Provided material:
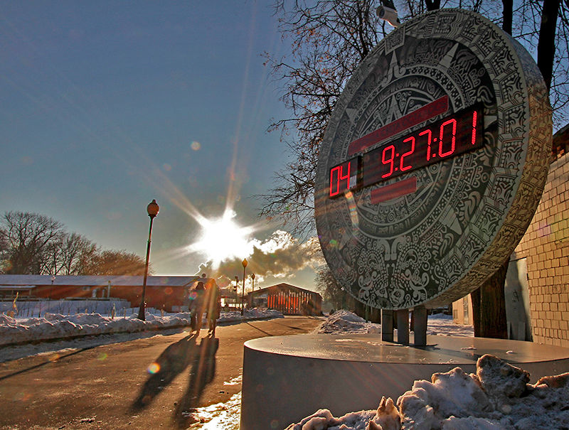 Тысячи людей во всем мире ждут наступления 21 декабря 2012 года. В Москве, в Центральном парке культуры и отдыха им. Горького, по этому случаю установили часы отсчета времени до конца света в форме календаря майя.
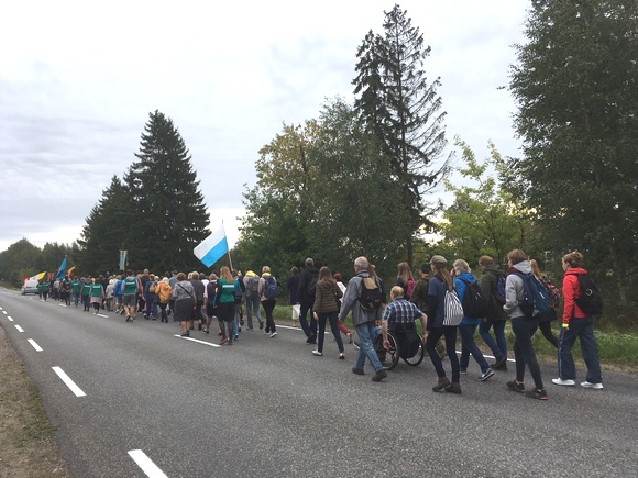 Eisenoje tarnavo jaunieji Jono Pauliaus II centro suburti piligrimai. Jaunimas vadovavo ir giedojimui. Aukštakių šeima eisenos dalyviams dovanojo karštos arbatos ir vaišių.
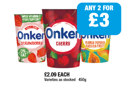Onken Strawberry, Cherry, Mango Papaya Passion Fruit - Any 2 for £3 at Family Shopper
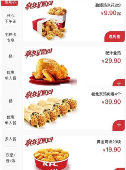 不知道大家有没有参加今天的肯德基疯狂星期四活动呢?本次活动有鸡米花,蜜汁全鸡、鸡肉卷等等,小伙伴们准备好买哪个了吗?接下来就让小编为你详细介绍一下肯德基疯狂星期四10.13的菜单及点餐方法吧!

What is expected:
Leave out the pictures and repeat the remaining data exactly.

Solution to this problem:
 Тысячи людей во всем мире ждут наступления 21 декабря 2012 года. В Москве, в Центральном парке культуры и отдыха им. Горького, по этому случаю установили часы отсчета времени до конца света в форме календаря майя.
 Eisenoje tarnavo jaunieji Jono Pauliaus II centro suburti piligrimai. Jaunimas vadovavo ir giedojimui. Aukštakių šeima eisenos dalyviams dovanojo karštos arbatos ir vaišių.
Onken Strawberry, Cherry, Mango Papaya Passion Fruit - Any 2 for £3 at Family Shopper
 不知道大家有没有参加今天的肯德基疯狂星期四活动呢?本次活动有鸡米花,蜜汁全鸡、鸡肉卷等等,小伙伴们准备好买哪个了吗?接下来就让小编为你详细介绍一下肯德基疯狂星期四10.13的菜单及点餐方法吧!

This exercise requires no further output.